Prepared December 9, 1999

ABSTRACT

This Final Trails Plan/Environmental Impact Statement presents a proposal and two alternatives for the designation of a park-wide trails system at Delaware Water Gap National Recreation Area. This document also describes the environment that will be affected, and the environmental consequences of implementing this action. The alternatives under consideration, in addition to the proposal, include the no-action alternative and one designation option.

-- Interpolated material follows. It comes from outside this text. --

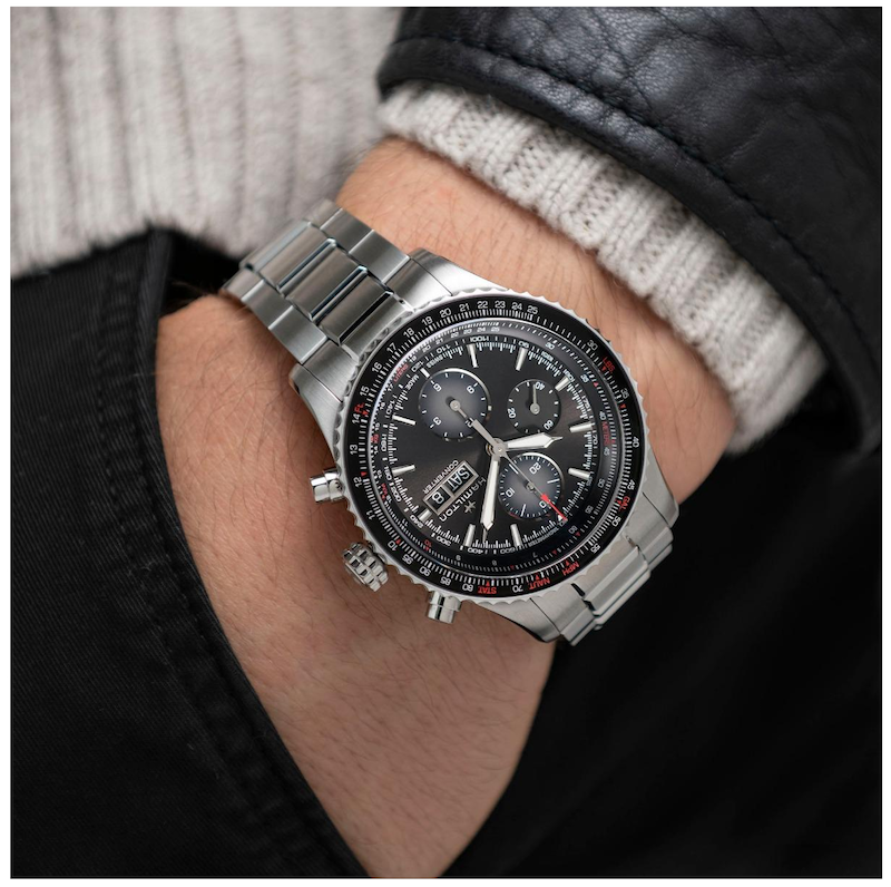 44mmのケースに、耐磁性に優れたシリコン製ヒゲゼンマイを採用したH-21-S自動巻きクロノグラフムーブメントを搭載。

Alternative A describes the current trails system without a change in designation or management and constitutes the no-action alternative. Alternative B, the park's proposed plan, proposes the designation of a system based on four networks. This alternative would increase the number of trails in the park, provide more mileage for various uses, and improve visitor facilities and interpretive experiences. Linkages between trails inside the park and activities outside the boundaries would be encouraged. Alternative C proposes a series of smaller independent networks clustered around significant park resources that would also increase the number of trails and mileage, but provide for fewer linkages between or beyond each network. Both action alternatives (B,C) would include the development of a coordinated trail signage system and improvements to access and visitor facilities.

SUMMARY

The Delaware Water Gap National Recreation Area (DWGNRA) is the largest natural area in the National Park System between Virginia and Maine and is among the ten most visited in the entire system. Much of this visitation is from nearby, rapidly expanding New York, northern New Jersey and Philadelphia metropolitan areas, and is growing at a steady rate. Although the park encompasses 67,000 acres of woodlands, farms, mountains, creeks, and the Delaware River, it does not have a designated trail system. Prior to the creation of DWGNRA, small communities with extensive road networks dotted the landscape. Local residents developed paths leading to important natural and cultural features that were expanded as part of the growing resort and recreation industry. These old roads and informal paths now serve as trails in the park.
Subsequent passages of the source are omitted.